The Bible was made in Pamplona in the Kingdom of Navarre, Spain, with King Sancho VII (known as Sancho el Fuerte, the Strong) as patron. At the time, Spain was somewhat isolated from cross-cultural transmission which may account for some of the unusual and innovative depictions. These include Goliath, riding a horse in full chain mail and holding a lance, approaching David (fol. 100v). It is also important to note that it is one of two almost identical Bibles created within six months of each other.
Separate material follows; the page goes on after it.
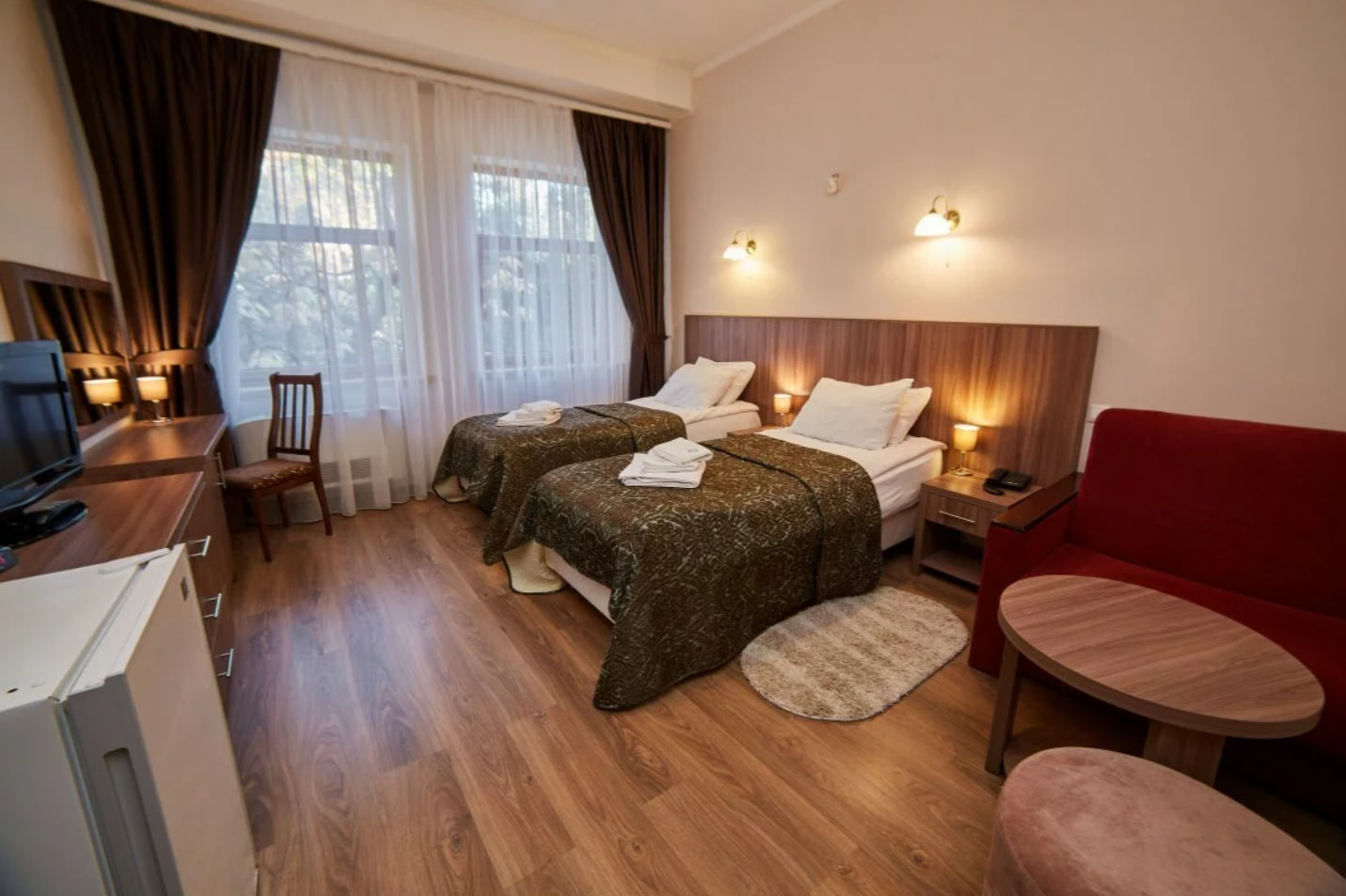 Уютный номер для спокойного отдыха и сна. Из окон открывается вид на горы. В номере есть все необходимое для комфортного проживания и отдыха

Pamplona Bible II, as the name suggests, is the second of the two, and while the two are very similar, there are also differences. For example, Pamplona II has more Old Testament depictions (684, compared with 635), but fewer New Testament (102 compared with 105) than its earlier counterpart, which is now housed at Amiens, Bib. Mun. Ms Lat 108. The selection of texts between the two varies slightly, but at least 90% of the Bible texts are the same.

A Large Number of Large Drawings

The Pamplona II manuscript represents the largest extant Bible picture cycle before 1200, with a total of 976 colored lines and wash drawings of both the Old and New Testaments. The sources and models employed by the artists have been of great interest to scholars, especially since there is no earlier pictorial tradition in Navarre.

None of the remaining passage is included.